# upol 1k lacquer



## craigeh123 (Dec 26, 2011)

says it has the performance of 2k and i ssuitable for full respray and spot repair . amyone used it and is it any good also iso free 2k any good ? 

bassically i may have some way of painting but im not happy to use 2k as i wouldnt have breathing gear . btw i work with someone that used to spray 2k using a supposed 2k safe non air fed - hes now iso intolerant and they think it attributed to a heart attack he had ! 

i cant use cellulose as i think the cars been 2k'd before and i want to do it myself just to see if i can bassically ! i have people who can guide me , alongside you guys here !


----------



## Andyb0127 (Jan 16, 2011)

The 1k your talking about mate, is basically the same as you would get in an aerosol can.
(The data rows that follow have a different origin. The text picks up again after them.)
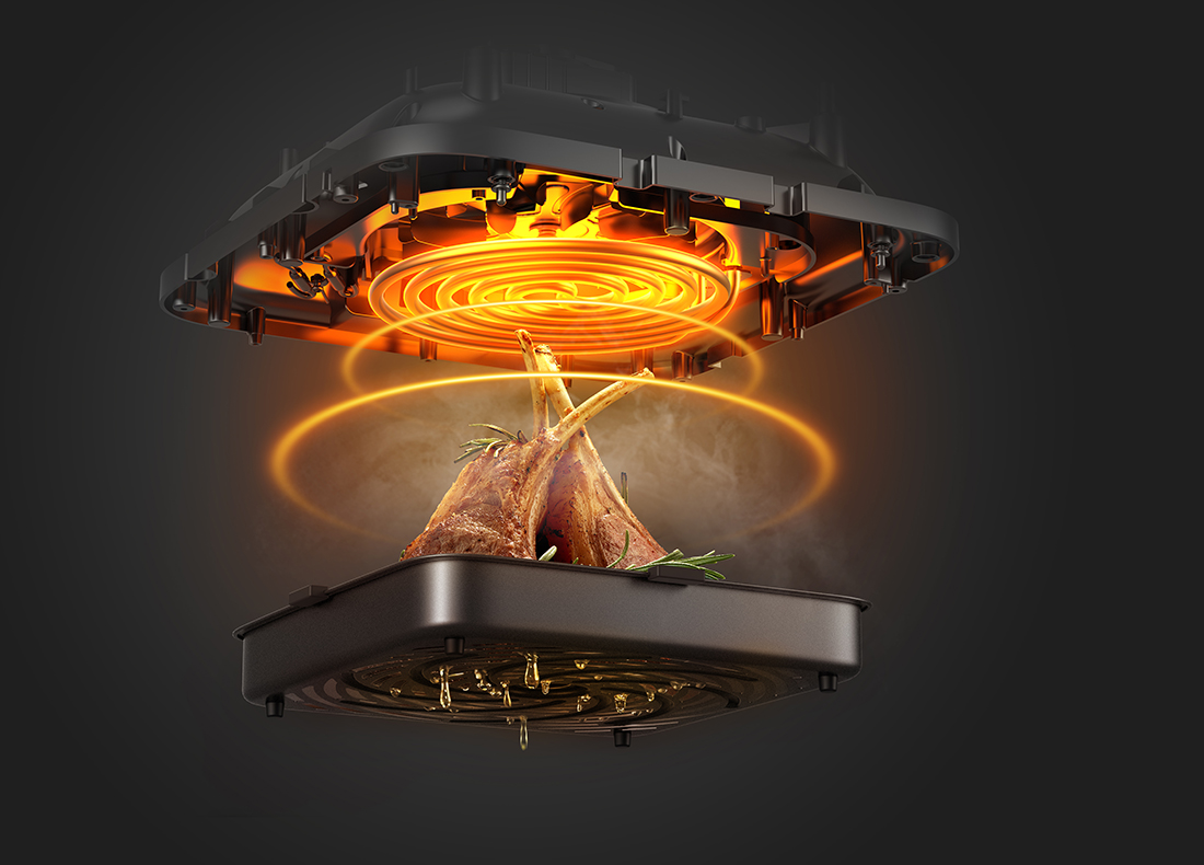Das optimierte Luftkanaldesign verbessert die Luftzirkulation und -verteilung. Die heiße Luft wird direkt zum Garkorb geleitet und sorgt so für gleichmäßige Ergebnisse ohne Wenden.
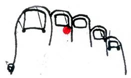 (脾 経)足の第1指の内側で爪甲角から後方2㎜。
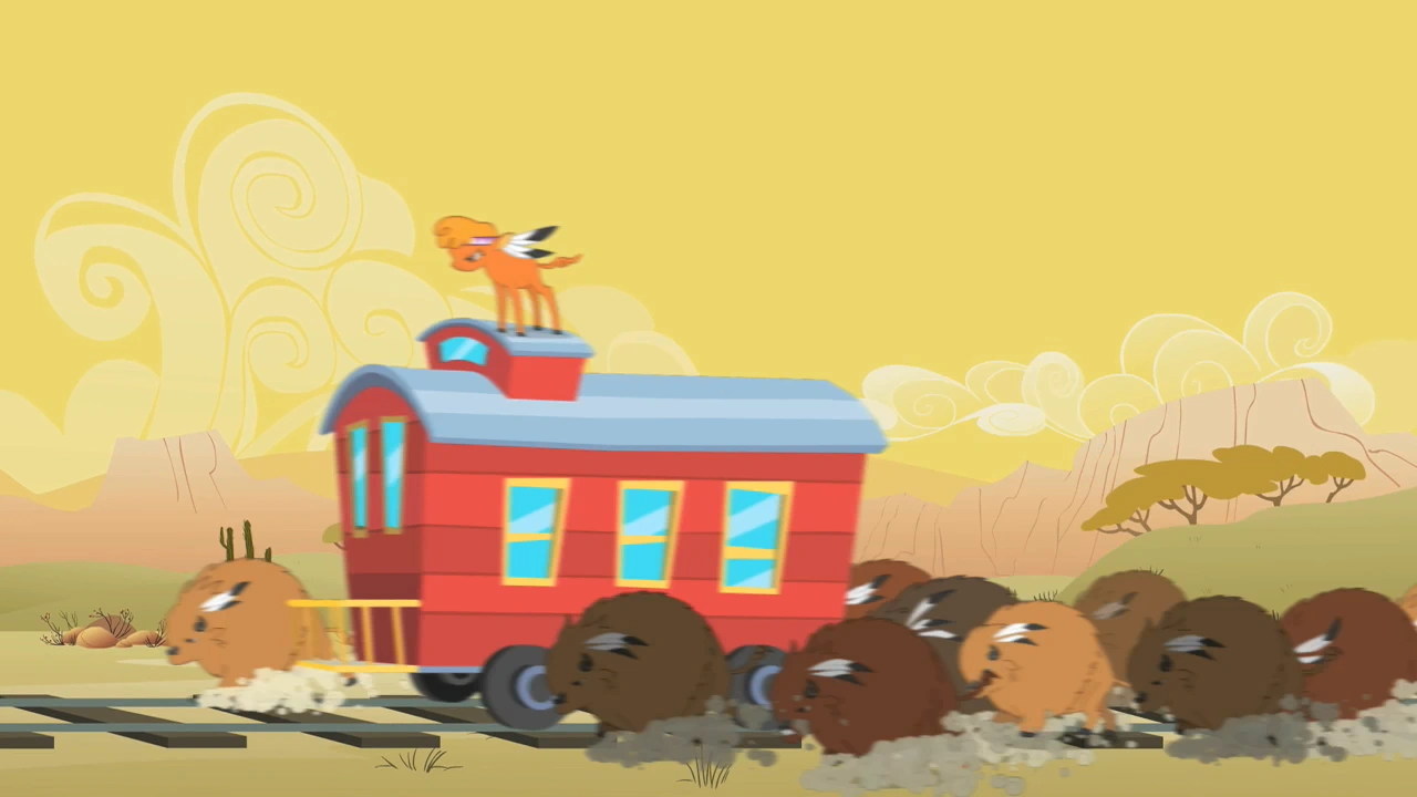 A la mañana siguiente, las ponis se despiertan al notar una estampida de búfalos corriendo junto al tren. Mientras algunos embisten el costado del tren, una joven búfala salta al techo y, tras esquivar a Rainbow Dash, desconecta el vagón de cola con Spike y Bloomberg aún adentro. Las ponies observan con consternación mientras los búfalos empujan el vagón desconectado por las vías en la dirección contraria.

My honest opinion mate if you repaint it in 1k it may not look to bad, but as it has hardly any uv protectors in it has no real protection, and will fade after time, which I'm sure you wouldn't be happy with. 

Not iso one I don't know that Kuhn about as have never used them.
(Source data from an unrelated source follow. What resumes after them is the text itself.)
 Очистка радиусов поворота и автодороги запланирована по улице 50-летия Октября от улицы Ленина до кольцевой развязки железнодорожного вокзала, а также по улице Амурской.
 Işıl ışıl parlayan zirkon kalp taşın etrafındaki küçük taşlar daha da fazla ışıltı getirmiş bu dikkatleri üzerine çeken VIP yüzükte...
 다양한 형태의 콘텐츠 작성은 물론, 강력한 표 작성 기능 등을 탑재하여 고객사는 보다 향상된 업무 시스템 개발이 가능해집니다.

Don't know how far you are from Brentwood matey, but if you want to do your car in 2k i have a spare air fed mask you could willingly borough so its safer for you to use. :thumb:


----------



## craigeh123 (Dec 26, 2011)

im in kent andy but your a legend ! do you have to have the coercer thingy ive seen to ? 

are you using 2k on your smart repairs bud ? also does the compressor for the airfed have to be away from the painting area ? sorry for all the questions ! its just 2k worries me and rightly so i believe !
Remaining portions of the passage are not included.